William Goehner can’t get a punchline right (it’s “hare”-line not “headline”, come on, bruh).
And apparently, that’s just the tip of the iceberg when it comes to him getting things right.
According to the San Francisco-Oakland-San Jose-area ABC 7 I-TEAM, the 89-year-old Santa Clara, California man has been telling tall tales about his heroic deeds as a Navy sailor for years — the Library of Congress included — and getting away with it, going so far as claiming that he’s the second-most-decorated military serviceman in World War II.
He says he met Patton in Sicily.
Lie.
He claims he went on “suicide missions” with the Underwater Demolition Team (a group that predated the Navy SEALs), lost most of his men, wiped out nearly all of the German submarine fleet in the Baltic Sea and earned the Navy Cross, three Silver Stars and four Purple Hearts for all of it.
Lie. Lie. Lie. Lie. Lie. Lie … (losing track here, plus it sounds like someone’s singing a Simon & Garfunkel song)
“The worst one was in the North China Sea,” he told the I-TEAM. “Got stuck down below in the ship and it burned up and I woke up four hours later on a hospital ship.”
More from them:
He added that he was the youngest lieutenant commander ever to serve in the Navy, “I went through the Navy there and ended up to be a lieutenant commander at 19,” he said. “Hollywood heard about it and made a movie about me, Richard Widmark played me.”
Goehner claimed he was a consultant on the movie The Frogmen, and that he became so famous that even a renowned general sought him out.
He wasn’t. Nope. No.
The truth? He was a seamen first class in the United States Navy during World War II. He was not a lieutenant commander. Ever.
According to the Freedom of Information Act, Goehner received no awards of valor, despite the fact that his “stories” were documented by the U.S. government back in 2004 as part of a million dollar undertaking known as the Veterans History Project — accounts that were eventually cataloged in the Library of Congress.
Once again, from the I-TEAM:
In his interview, Goehner said, “I got a bullet here and it came out between two ribs.” The recording and its Library of Congress listing convinced a reporter for the Gilroy Dispatch and Morgan Hill Times to write a glowing feature in 2013 on Goehner called, “The Original Navy SEAL.”

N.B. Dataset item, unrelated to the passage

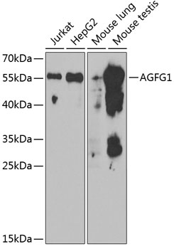 Western blot analysis of extracts of various cell lines, using AGFG1 antibody at 1:1000 dilution.Secondary antibody: HRP Goat Anti-Rabbit IgG (H+L) at 1:10000 dilution.Lysates/proteins: 25ug per lane.Blocking buffer: 3% nonfat dry milk in TBST.Detection: ECL Basic Kit .Exposure time: 90s.
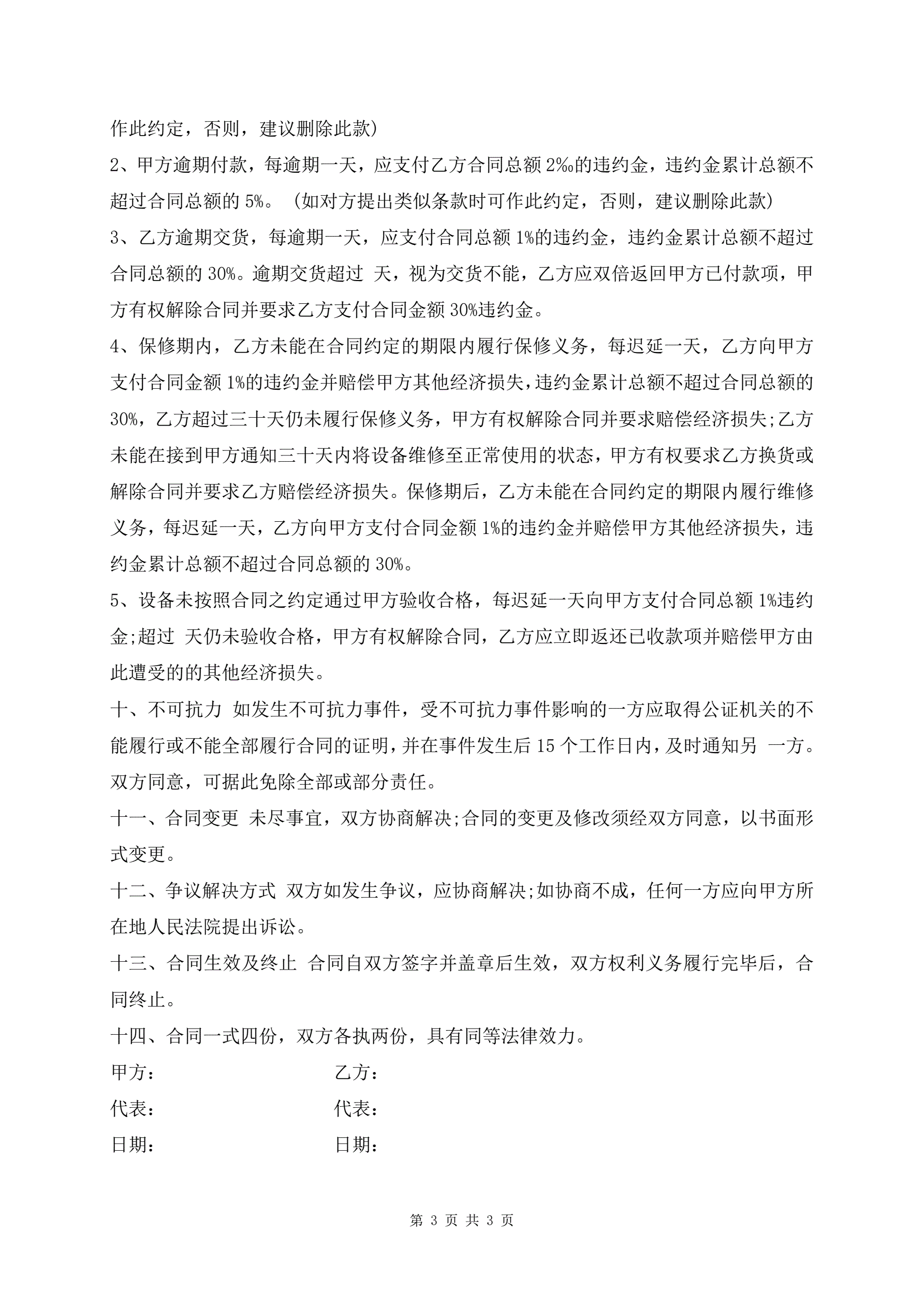 机械设备采购协议通用版模板

“I tracked him down in Morgan Hill after reading a newspaper article written about him in Morgan Hill,” said United States Air Force veteran Brian Shiroyama.
Shiroyama was so impressed after meeting Goehner that he brought him to the USS Hornet Museum’s Director of Education Heidi Schave, who didn’t think to check Goehner’s records.
“I apologize, I’m just shocked as anyone else,” she said. “That’s not our policy here at all to promote any fraud at all, this is the first of my knowledge.
Goehner’s own son told the I-Team that he heard the same war stories all his life and it’s a shock. He’s trying to figure out what this means for the family.